Well, the neo-Confederates are out in force condemning this collection of essays. It seems well to note that Southerners did a very good job of capturing the high ground from which Americans viewed Civil War history for nearly a century. Even though I'm a native Mississippian, I've never understood those who claim that the war was not about slavery. On the contrary, it had everything to do with slavery. The Mississippi declaration of secession began by noting "Our position is thoroughly identified with the institution of slavery..." That seems pretty straight forward to me. Reasonable people can argue about whether secession was, in the strict legal sense, constitutional. And it can be pointed out that while Lincoln made strong use of slave-owner Thomas Jefferson's assertion that "all men are created equal" that ideal is taken from the Declaration of Independence, not the Constitution. But right up until the first shots were fired, arguments about constitutional powers, sectional differences, and property rights were all framed within the context of a dispute over the institution of slavery.
This collection contains several interesting essays, some weaker ones, and one misfire. Unfortunately, the misfire leads off the collection: Alan T. Nolan's "Anatomy of the myth." While Mr. Nolan accurately summarizes key feature of Lost Cause historiography, his tone is needlessly shrill. It seems silly to have to point out that "Gone with the wind"--both book and movie--are works of fiction. They were widely embraced by a white American populous of the 1930s seeking an escapist depiction of a romantic past in the midst of the Great Depression. Focusing on GWTW as a flawed depiction of historical events is about as useless as doing the same with "Braveheart" or the latest "Robin Hood." It is a shame that Gary Gallagher, co-editor of the collection along with Mr. Nolan, did not advise his colleague to do a re-write with a cooler head and sharper focus.

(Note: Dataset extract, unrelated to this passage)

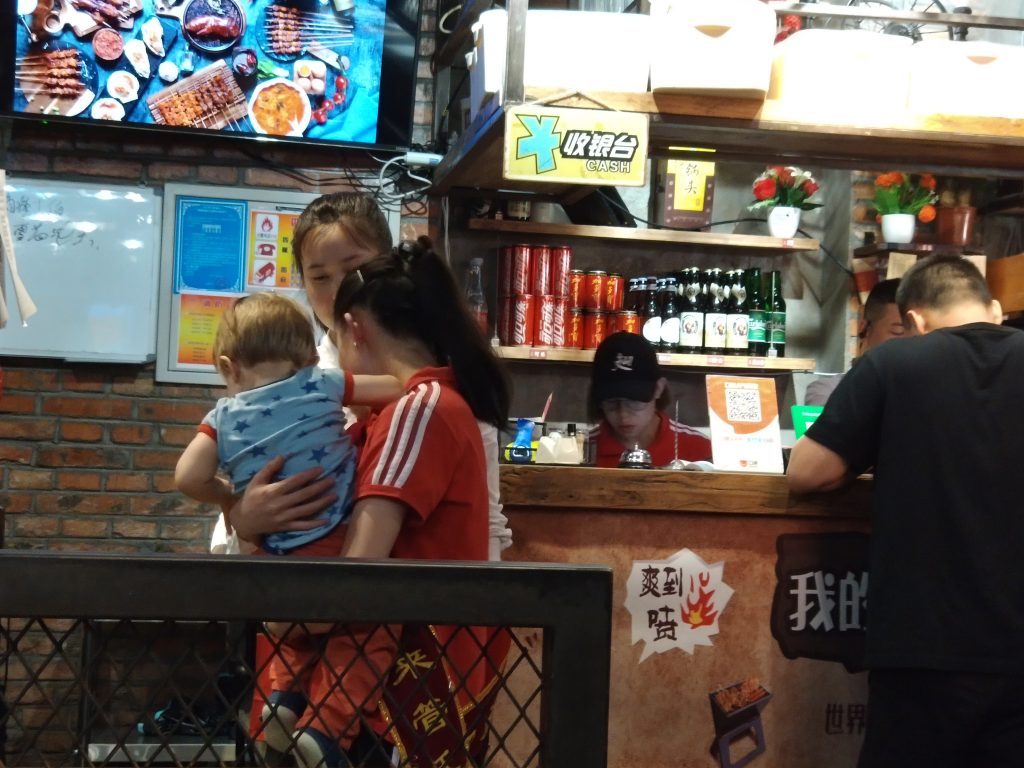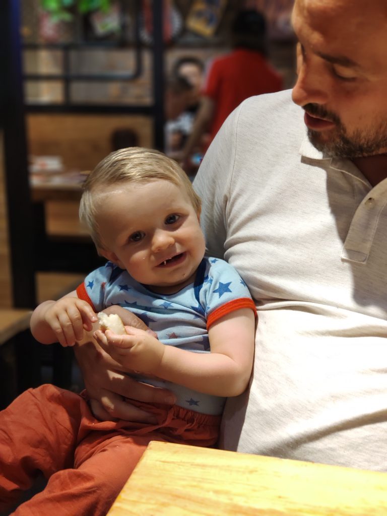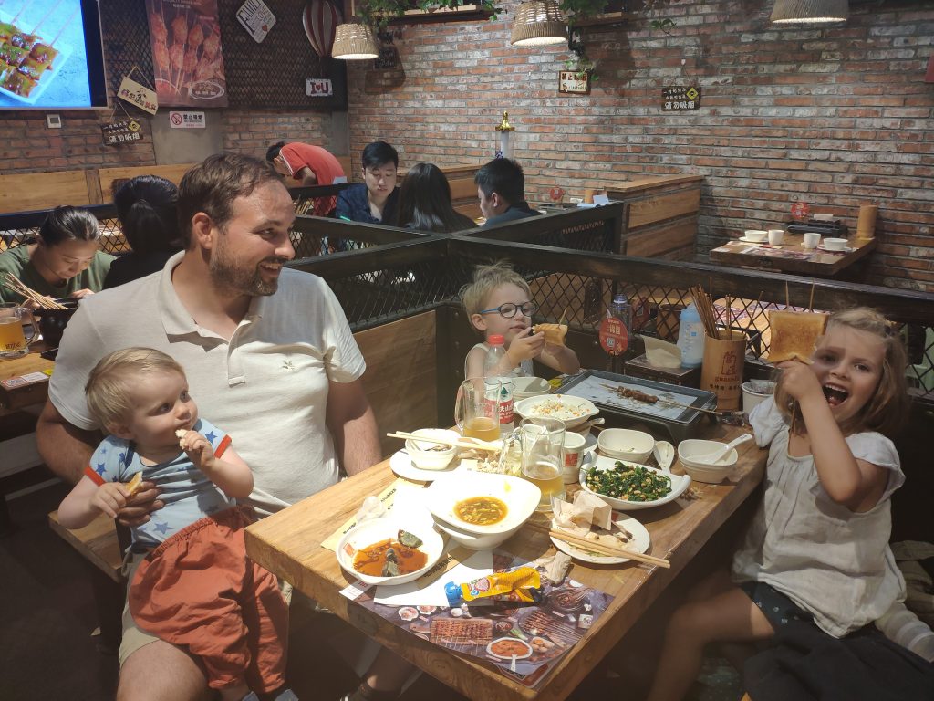 Nous avons ensuite dîné dans un resto de brochettes à la sortie du parc. Léonard avait repris du poil de la bête et a bien dévoré surtout les brochettes de pain (oui, oui, une tranche de pain de mie sur 2 pics). Auguste était le chouchou des serveurs et serveuses qui s’en sont occupés pendant que nous dînions. Nous avons goûté des œufs de 100 ans offerts par le restaurant. Pas si mal.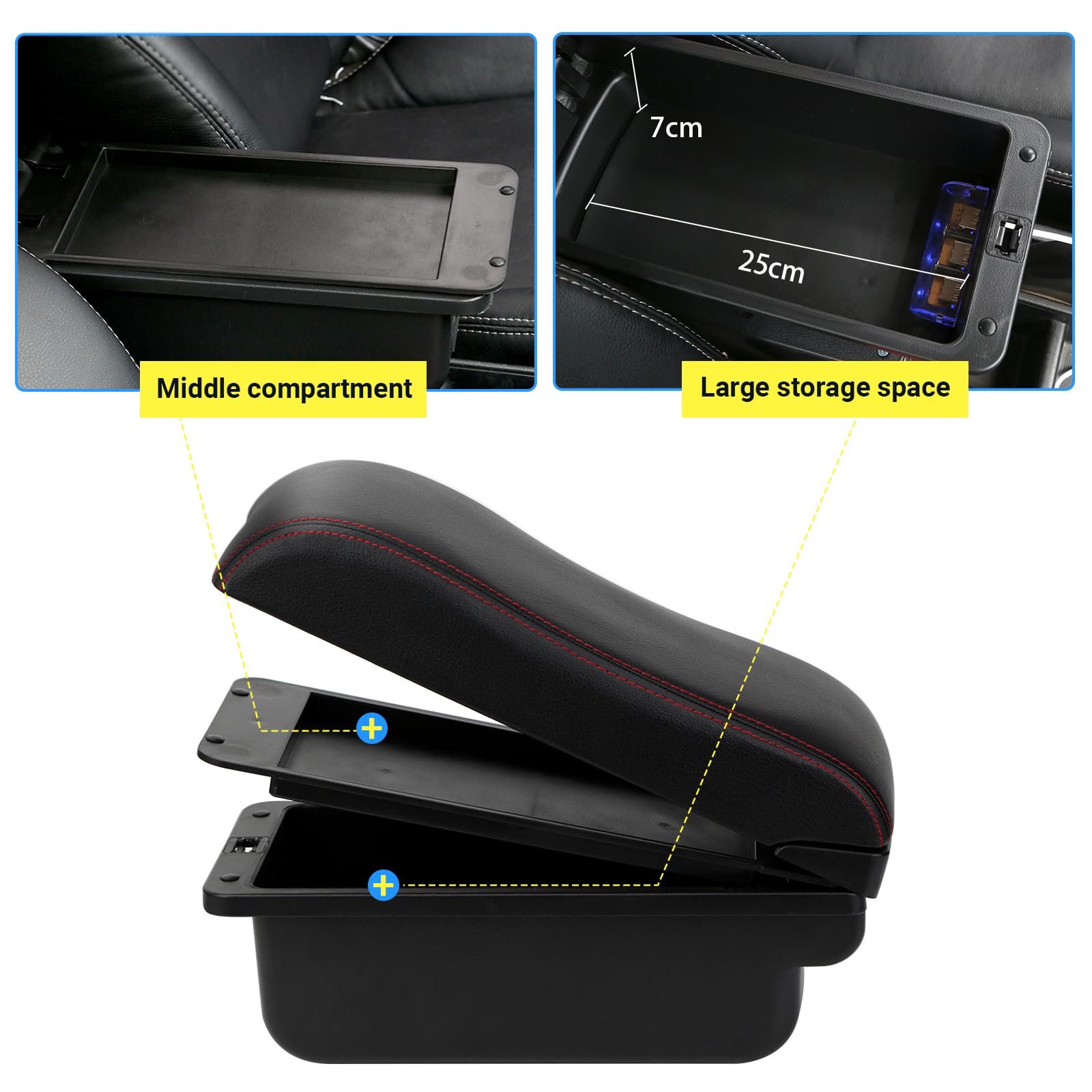 Aus hochwertigem PU-Leder - verschleißfest, staubdicht und wasserabweisend. Verdeckter Becherhalter und Aschenbecher hinten. Einfache Montage mit Schienensystem.

On the other hand, Mr. Gallagher's essay on Jubal Early is much more balanced and instructive. Early, a Confederate general, sought to move the Southern struggle from the battlefield to the printed page. He and his followers managed to influence not only Southern perceptions but, in time, Northern views as well. Robert E. Lee, after all, did not become an American icon by accident. Also of interest is the essay on Wade Hampton by Charles Holden. Far from attacking Hampton, Holden paints a nuanced portrait of the former Confederate officer who evolved into racial moderate in the postwar period (within the context of the times) only to be pushed aside by the politically inspired race-baiting of Ben Tillman. And there is a fine essay by Jeffry Wert on Gen. James Longstreet, the man whose reluctant performance at Gettysburg, postwar political alliances, and criticism of Lee made him an ideal scapegoat.
Somewhat less successful, in my view, is the essay by Brooks Simpson dealing with Gen. U.S. Grant's reputation as winning his campaign against Lee by means of brutal attrition alone. Whatever one's view of Lee as a man, in the period of 1862-3 he was the most audacious of military leaders. But this very audaciousness produced losses that, by 1864, forced him into a much more conservative strategy. The Lee who Grant confronted in 1864 was not the same Lee his predecessors had faced. Thus it is disappointing that Simpson lets stand without discussion Grant's characterization of Lee as not being a formidable opponent. And given that Grant himself had been rather audacious in the western theater, there is the question of whether--once in the shadow of Washington DC and tied to the ponderous Army of the Potomac--he could have realistically engaged in the sort of strategic risks that Sherman took in Georgia.
Considered as a whole, however, this set of essays has merit for those with a judicious view of history (e.g., that the Civil War might have involved a dispute over slavery) and a desire to learn how such views can sometimes be shaped by the losing side.